TASK GOAL:
Give the data below again exactly, and drop each picture from it.
#### RECORDS TO PROCESS
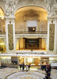 インフォメーションで日本語のパンフレットをもらい、荷物を預けて入場券を購入して展示場へ入る。某ガイドブックでは60歳以上の方の入場は格安と書かれていたが、料金は一般の大人と同じだった。入口で日本語のオーディオ解説機を借りる。 |
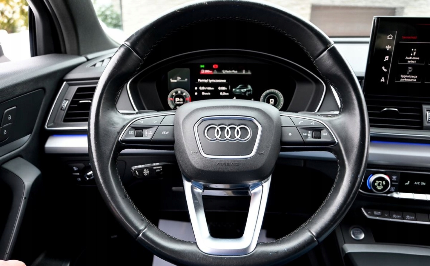 ABS, Alarm, ASR (kontrola trakcji), Asystent parkowania, Asystent pasa ruchu, Czujnik deszczu, Czujniki parkowania przednie, Czujniki parkowania tylne, Czujnik zmierzchu, ESP (stabilizacja toru jazdy), Isofix, Kurtyny powietrzne, Poduszka powietrzna chroniąca kolana, Poduszka powietrzna kierowcy, Poduszka powietrzna pasażera, Poduszki boczne przednie, Poduszki boczne tylne, Elektryczne szyby przednie, Elektryczne szyby tylne, Elektrycznie ustawiane lusterka, Podgrzewane lusterka boczne, Podgrzewane przednie siedzenia, Podgrzewane tylne siedzenia, Przyciemniane szyby, Tapicerka tekstylna, Wielofunkcyjna kierownica, Wspomaganie kierownicy, Zawieszenie adaptacyjne, Skórzana kierownica, Bluetooth, Gniazdo USB, Nawigacja GPS, Radio fabryczne, Alufelgi, Bezkluczykowy dostęp, Elektrochromatyczne lusterka boczne, Ogranicznik prędkości, System Start-Stop, Tempomat aktywny
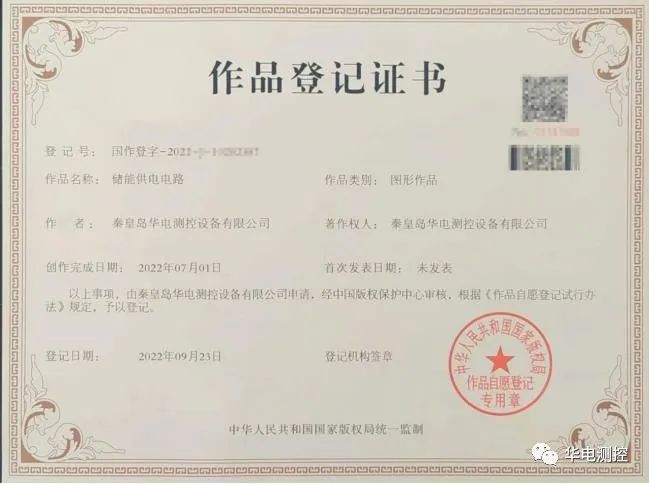 熱烈祝賀華電測(cè)控知識(shí)產(chǎn)權(quán)再添一員” 2022-10-262022年9月26日,秦皇島華電測(cè)控設(shè)備有限公司收到中華人民共和國(guó)國(guó)家版權(quán)局頒發(fā)的《儲(chǔ)能供電電路——作品登記證書(shū)》。
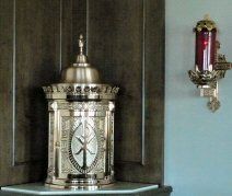 The Priest Approaches and Kisses the Altar: The altar is a symbol of Christ. In it are cut five crosses to recall the five wounds of Christ. The altar also represents the Church and has embedded in it the relics of her saints. The priest comes to the altar to celebrate the Sacrifice in the Church's name. Because of the glory surrounding the altar upon which the divine Sacrifice will be made, the kiss of the priest unites the Church to Christ, its Redeemer.
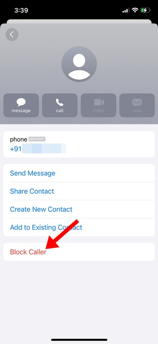 5. Nella schermata Informazioni, toccareBlocca chiamante.
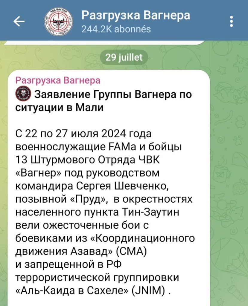Le samedi 27 juillet, plusieurs sources ont signalé une embuscade meurtrière visant les Fama et les « instructeurs russes » du 13e détachement d’assaut de Wagner aux abords de Tinzaouatène, bien que cette information n’ait pas été officiellement confirmée jusque-là. Dans les réseaux pro-russes, la consternation est palpable, avec des messages commémoratifs en hommage aux membres de leur groupe tombés en terre malienne.
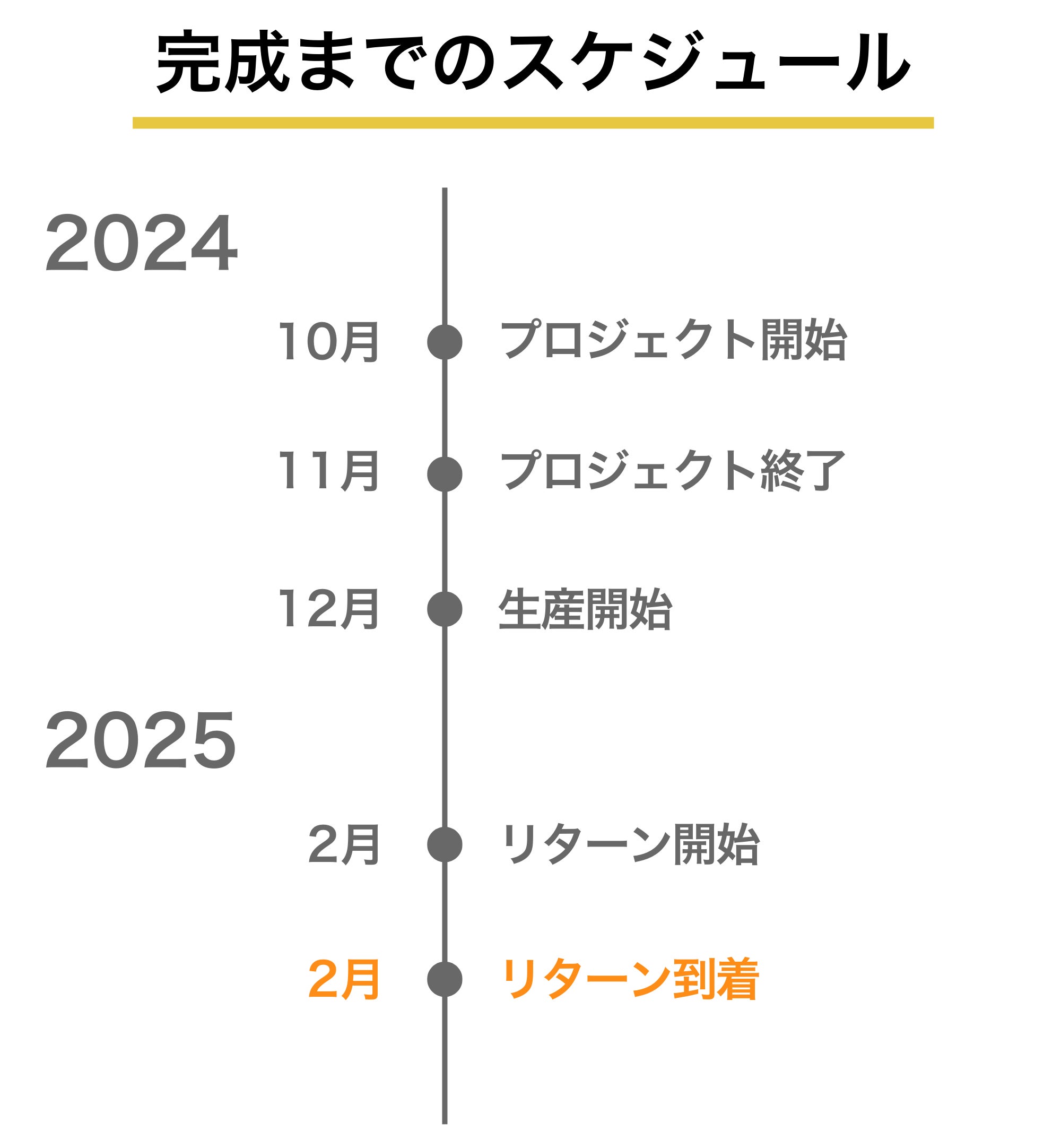 ※本文中に記載させていただいたスケジュールは、あくまでプロジェクト公開時点の予定です。支援の性質上、配送遅延のおそれがございます。
########
COMPLETED EXERCISE:
 インフォメーションで日本語のパンフレットをもらい、荷物を預けて入場券を購入して展示場へ入る。某ガイドブックでは60歳以上の方の入場は格安と書かれていたが、料金は一般の大人と同じだった。入口で日本語のオーディオ解説機を借りる。 |
 ABS, Alarm, ASR (kontrola trakcji), Asystent parkowania, Asystent pasa ruchu, Czujnik deszczu, Czujniki parkowania przednie, Czujniki parkowania tylne, Czujnik zmierzchu, ESP (stabilizacja toru jazdy), Isofix, Kurtyny powietrzne, Poduszka powietrzna chroniąca kolana, Poduszka powietrzna kierowcy, Poduszka powietrzna pasażera, Poduszki boczne przednie, Poduszki boczne tylne, Elektryczne szyby przednie, Elektryczne szyby tylne, Elektrycznie ustawiane lusterka, Podgrzewane lusterka boczne, Podgrzewane przednie siedzenia, Podgrzewane tylne siedzenia, Przyciemniane szyby, Tapicerka tekstylna, Wielofunkcyjna kierownica, Wspomaganie kierownicy, Zawieszenie adaptacyjne, Skórzana kierownica, Bluetooth, Gniazdo USB, Nawigacja GPS, Radio fabryczne, Alufelgi, Bezkluczykowy dostęp, Elektrochromatyczne lusterka boczne, Ogranicznik prędkości, System Start-Stop, Tempomat aktywny
 熱烈祝賀華電測(cè)控知識(shí)產(chǎn)權(quán)再添一員” 2022-10-262022年9月26日,秦皇島華電測(cè)控設(shè)備有限公司收到中華人民共和國(guó)國(guó)家版權(quán)局頒發(fā)的《儲(chǔ)能供電電路——作品登記證書(shū)》。
 The Priest Approaches and Kisses the Altar: The altar is a symbol of Christ. In it are cut five crosses to recall the five wounds of Christ. The altar also represents the Church and has embedded in it the relics of her saints. The priest comes to the altar to celebrate the Sacrifice in the Church's name. Because of the glory surrounding the altar upon which the divine Sacrifice will be made, the kiss of the priest unites the Church to Christ, its Redeemer.
 5. Nella schermata Informazioni, toccareBlocca chiamante.
Le samedi 27 juillet, plusieurs sources ont signalé une embuscade meurtrière visant les Fama et les « instructeurs russes » du 13e détachement d’assaut de Wagner aux abords de Tinzaouatène, bien que cette information n’ait pas été officiellement confirmée jusque-là. Dans les réseaux pro-russes, la consternation est palpable, avec des messages commémoratifs en hommage aux membres de leur groupe tombés en terre malienne.
 ※本文中に記載させていただいたスケジュールは、あくまでプロジェクト公開時点の予定です。支援の性質上、配送遅延のおそれがございます。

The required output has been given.